What did the Pinocchios of the Labor Party tell the public? They told them that the money was taken by Canberra and that was why the project had to stop. It is all in the Auditor-General's Report that it was this government's decision to stop the electrification of the Gawler line. It is not just the fact that the electrification was stopped; $46.6 million worth of infrastructure, scoping, studies and other important facets of that project were written off and have to be redone whenever the Salisbury to Gawler part of the electrification is completed.

Do not forget that this government promised to have the Adelaide to Salisbury line finished by the end of 2015, before the last election—that is what they promised. After the election, they pushed it out to 2017-18. We see that in the budget, but again it has been in the budget before and taken out of the budget. This government has form.

From memory, about 10 years ago there was the promise of a brand-new prison in South Australia. Even though it was in the budget (it was a PPP), the outcome of that promise was a multimillion dollar payment to those who had submitted tenders because at that time, if my memory is correct, the preferred bidder had not been chosen and so all three or four of them, whatever number of bidders there were, were given multimillion dollar payments by the state government basically to thank them for their time, the time this government had wasted in putting out tenders to do the job. Just because it is in the budget and just because the government says it is going to happen, do not believe that it is going to happen at all. Just look at the noses of those on the other side to see how much longer they are growing.

There are other budget measures in here, including the duplication of Main South Road. We understand that the request from the Treasurer to the Department of Transport was a complete surprise. It was not driven by the Department of Transport: it was driven by the Treasurer. The Treasurer wanted this project up, and that was why it was pushed out to the very end of the forward estimates process. It will be very interesting in the budget estimates process to get some more information about when the planning started for this project, when the decision was made to start the project and on what basis.

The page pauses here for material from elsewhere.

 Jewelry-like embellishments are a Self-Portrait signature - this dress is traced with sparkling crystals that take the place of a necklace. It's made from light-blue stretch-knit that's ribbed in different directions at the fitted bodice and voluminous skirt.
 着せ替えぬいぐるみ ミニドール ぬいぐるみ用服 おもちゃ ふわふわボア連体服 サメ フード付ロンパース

We absolutely support the project. It was the first thing that Andy Gilfillan, our candidate in the seat of Mawson, raised when he won preselection for his seat. He said that he wanted to talk about the duplication of Main South Road. He had all the correct details about the increase in traffic, the benefits for tourism and how it is important for people living in the south to have a safe road to get into the city, because we know that the northern end of Main South Road down to Cape Jervis is a growing commuter suburb.

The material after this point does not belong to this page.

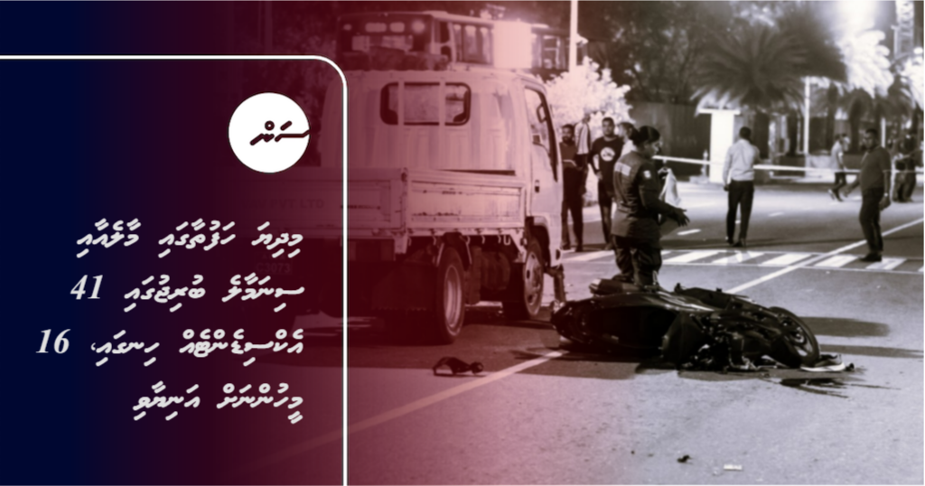 ފުލުހުން މިއަދު އާންމުކުރި ހިސާބުތަކުން އެނގޭ ގޮތުގައި، މިދިޔަ ހަފުތާގައި އެކަނި 41 އެކްސިޑެންޓު ވަނީ ހިނގާފައެވެ. މި އެކްސިޑެންޓުތަކުގައި 16 މީހުންނަށް އަނިޔާވެފައިވާއިރު، 51 ވެހިކަލަކަށް ވަނީ ގެއްލުންތައް ލިބިފައެވެ.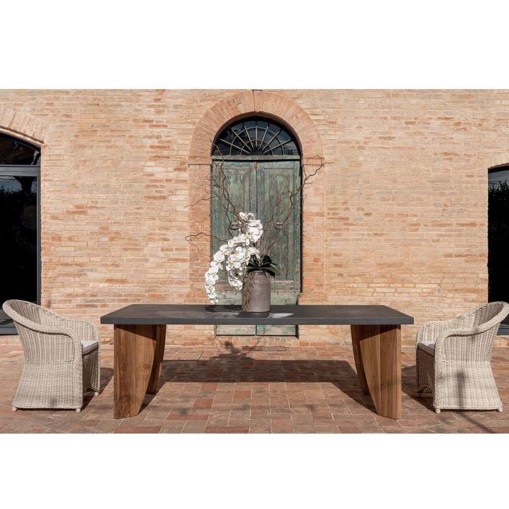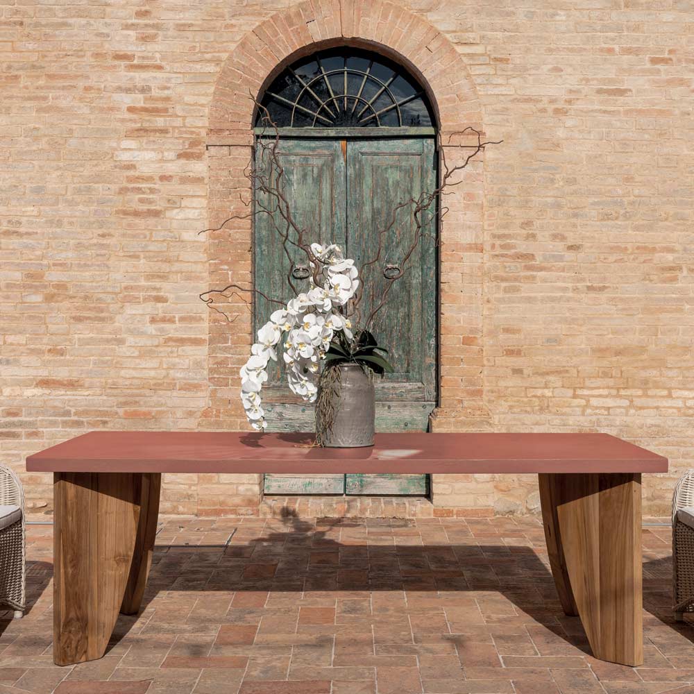 This table is a perfect combination of elegance and solidity, a designer piece that fits perfectly in both indoor and outdoor settings. Its

We support that, but we question why, of a $305 million project, we will see only $100 million in the forward estimates, of which only $25 million, the first of the money, start to be spent in 2019-20. If this is something that the government had been planning through the proper processes, why is it that the work on the roundabouts was planned? We know that South Australians become very frustrated when they see money being spent on infrastructure and then that infrastructure is trashed and replaced by new infrastructure because they have changed the way it was happening.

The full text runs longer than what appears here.